* **WORK ORDER**: Exactly and only the lines below from the one containing "П. Н. Воронов." down to the one containing "피보나치 0.886은 하모닉" are wanted, both included; please exclude every picture.

* **RECORDED INFORMATION**:

- Opening Delimiter -

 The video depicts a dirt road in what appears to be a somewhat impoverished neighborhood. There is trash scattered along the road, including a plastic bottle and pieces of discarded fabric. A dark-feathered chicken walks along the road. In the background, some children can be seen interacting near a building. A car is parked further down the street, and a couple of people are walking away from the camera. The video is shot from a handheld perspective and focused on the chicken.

- Closing Delimiter -
- Opening Delimiter -

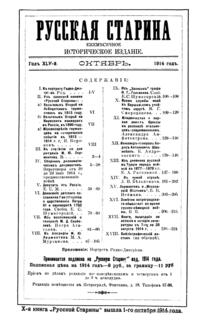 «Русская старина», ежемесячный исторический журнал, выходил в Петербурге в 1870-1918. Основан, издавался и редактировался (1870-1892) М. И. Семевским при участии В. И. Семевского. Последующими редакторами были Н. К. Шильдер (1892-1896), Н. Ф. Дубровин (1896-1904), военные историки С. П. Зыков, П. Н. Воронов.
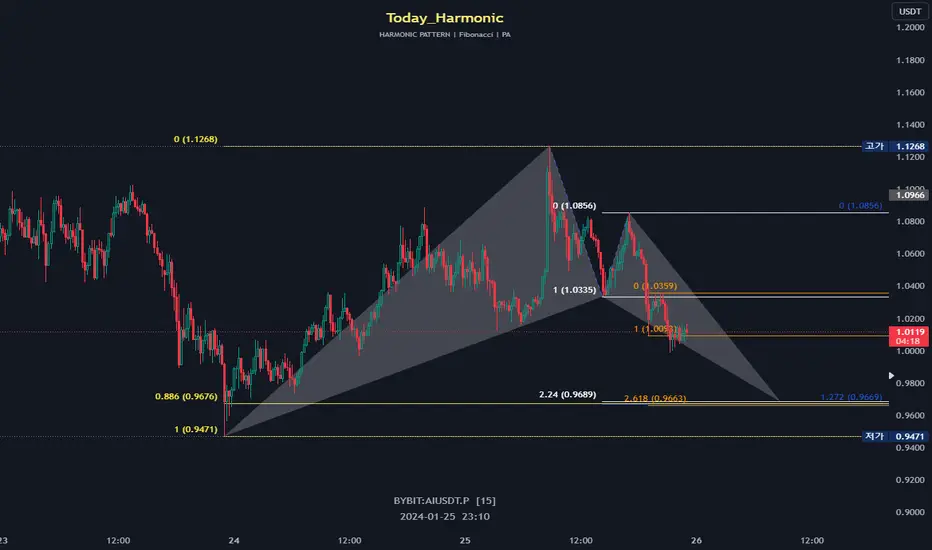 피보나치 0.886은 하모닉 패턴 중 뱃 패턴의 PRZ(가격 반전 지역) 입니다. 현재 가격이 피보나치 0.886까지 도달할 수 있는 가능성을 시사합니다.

- Closing Delimiter -
- Opening Delimiter -

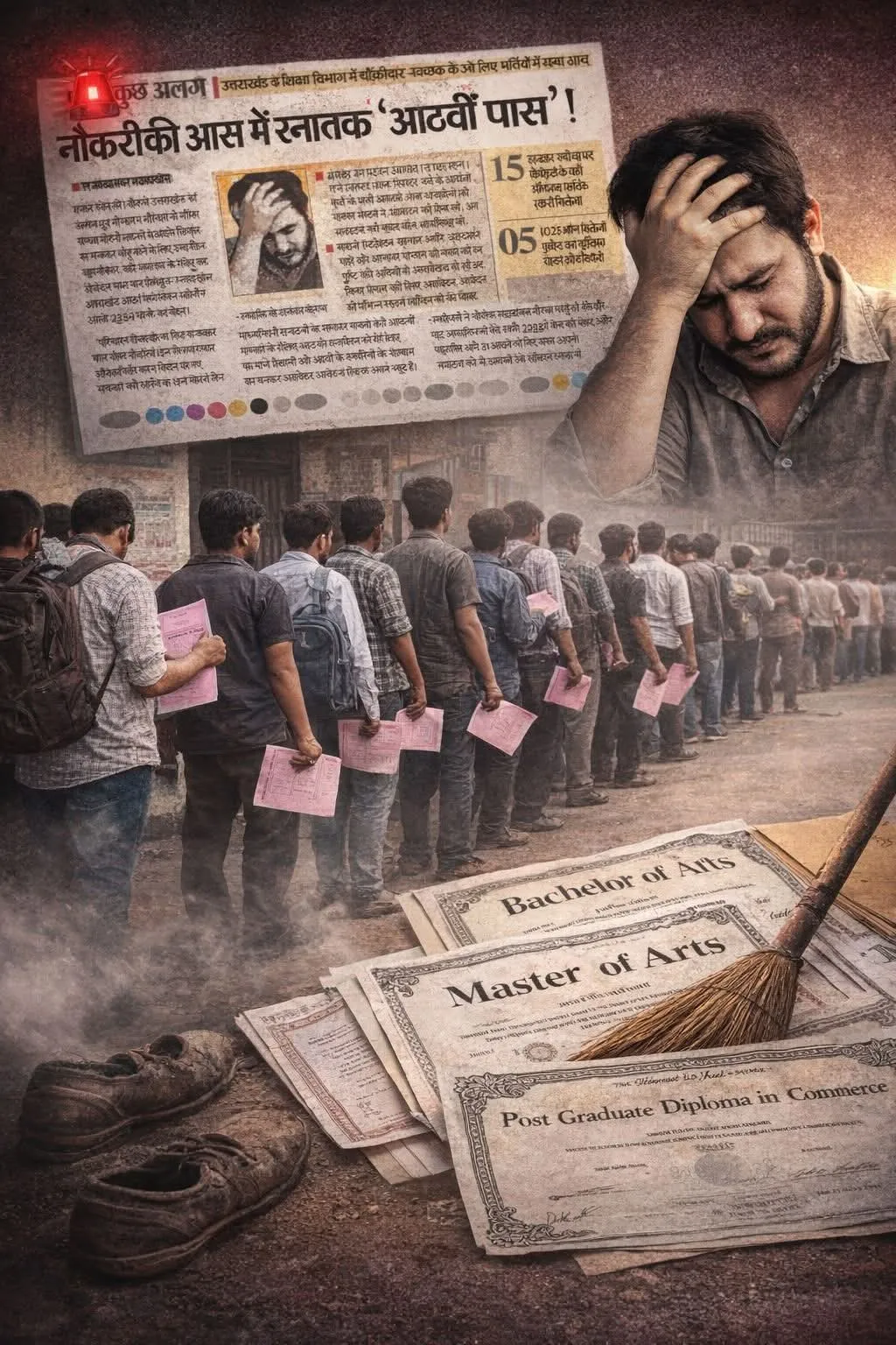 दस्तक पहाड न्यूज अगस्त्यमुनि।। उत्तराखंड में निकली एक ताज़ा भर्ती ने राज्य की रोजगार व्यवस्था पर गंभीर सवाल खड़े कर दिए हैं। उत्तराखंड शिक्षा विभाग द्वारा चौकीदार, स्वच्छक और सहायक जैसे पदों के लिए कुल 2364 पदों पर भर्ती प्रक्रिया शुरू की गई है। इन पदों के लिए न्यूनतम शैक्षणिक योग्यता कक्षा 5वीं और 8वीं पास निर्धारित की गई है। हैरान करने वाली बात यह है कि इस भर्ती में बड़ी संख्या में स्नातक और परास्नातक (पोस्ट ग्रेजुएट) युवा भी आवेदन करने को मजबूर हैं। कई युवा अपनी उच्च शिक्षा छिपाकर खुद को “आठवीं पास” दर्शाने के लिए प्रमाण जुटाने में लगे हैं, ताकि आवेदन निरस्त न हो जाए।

- Closing Delimiter -

* **EXERCISE RESPONSE**:
 «Русская старина», ежемесячный исторический журнал, выходил в Петербурге в 1870-1918. Основан, издавался и редактировался (1870-1892) М. И. Семевским при участии В. И. Семевского. Последующими редакторами были Н. К. Шильдер (1892-1896), Н. Ф. Дубровин (1896-1904), военные историки С. П. Зыков, П. Н. Воронов.
 피보나치 0.886은 하모닉 패턴 중 뱃 패턴의 PRZ(가격 반전 지역) 입니다. 현재 가격이 피보나치 0.886까지 도달할 수 있는 가능성을 시사합니다.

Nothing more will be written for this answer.